If we look at US interest rates and compare them to those in Germany, we see something strange going on. Normally, they move closely together and therefore, the correlation between the two is strongly positive. Since early September however, this relationship has stopped working. US interest rates are rising while German interest rate are declining. For the first time in a very long time, the correlation between the two is negative.
This implies that either US interest rates are wrong and will start to decline again, or that German interest rates are wrong and will start to rise.
If you plot a chart of all interest rates across developed markets, you’ll see that US interest rates are almost alone in their march higher.
This suggest to me that US interest rates are probably heading lower again.
(Note that I wrote probably, there are not certainties in financial markets.)
The US 10 year currently stands at 0,82%. Gold rose 350 dollars the last time the 10 year declined from this level to its low of 0,51%...
You can reread all the positive elements about the current situation in my previous article.
On top of that, gold has now shown a technical breakout and the mining shares have given their first buy signal since the peak in early August.
In normal circumstances, this would make me want to buy.
However, since it all happened during election week, I’m ready for anything.
I’ll be watching the price action like a hawk early next week.
If we see a retracement, former resistance should now act as support. If this is not the case, better watch out.
If prices continue their march higher, this is also a clear sign that we should act.
The price action in a lot of markets was very extreme last week. This can be the beginning of a new trend or it can all be an emotional move that will unwind quickly.
If I decide to step back into the gold market, my analysis of interest rates will give me the confidence that there is a fundamental driver to drive the gold price higher.
So, putting it all together, probabilities have risen considerably this week that it is time to get back into the gold market.
As you can see, I’m not giving a clear yes or no answer to the question a lot of people have: have we seen the bottom?
If I had a clear answer, I would give it to you. When I identified the peak in the gold market in early August, there was not a lot of doubt in my analysis.
If we would see the dream scenario I outlined last week, there would not be a lot of doubt in my analysis.
Now however, when I put all the elements together, the answer is a bit more difficult.
Strictly speaking, when I follow my own process, we have seen the bottom.

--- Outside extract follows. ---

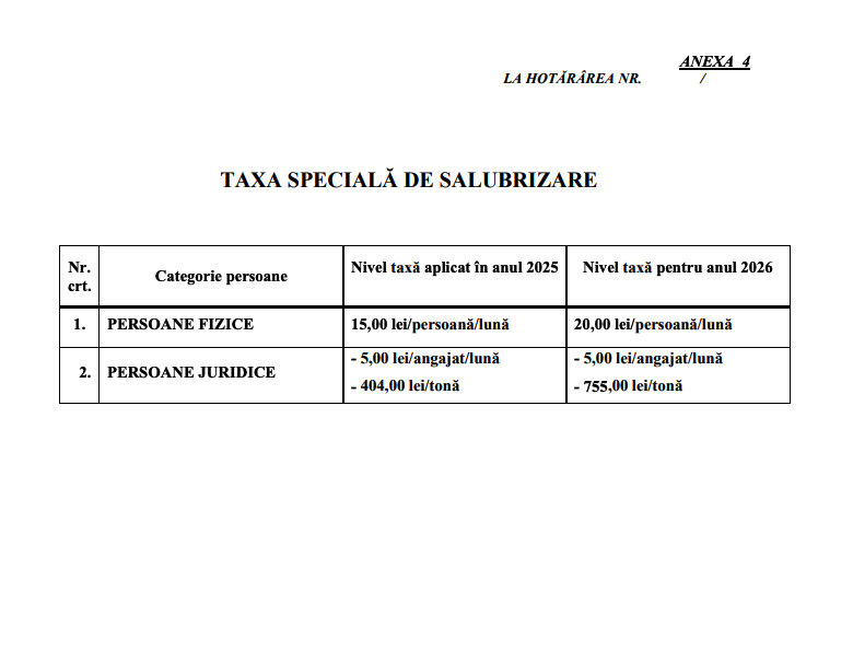 5B – Proiect HCL impozite si taxe pt. anul 2026

But, given that it happened during a very volatile election week, I’m ready for anything.
So, I’ll watch the price action very closely next week and my base case is that I’ll start buying the positions I want.
However, please note that I can change my opinion in one second. This is one of the most important aspects you can have as an investor/trader.
As famous investor Stanley Druckenmiller said: "Probably one of my greatest assets over the last 30 years is that I’m open-minded and I can change my mind very quickly."
I would like to finish with stating that readers of this website should use the information on this website the way it works best in their personal investment strategy.
By this I mean that the way I like to invest is by waiting for the perfect moment to allocate capital with the risk that I buy at higher prices than anticipated. If you are however a long term investor, you should probably not watch the short term timing methods I use. You should pay more attention to the big support and resistance levels I have outlined in previous articles, to allocate capital.
We all have different investment strategies and investment styles. Please stay true to you own strategy to avoid making emotional investment mistakes. If you are not following the market every day like me, you should have bought at the beginning of this week when I wrote: “For long term investors, these are ideal prices to get into the gold mining shares.”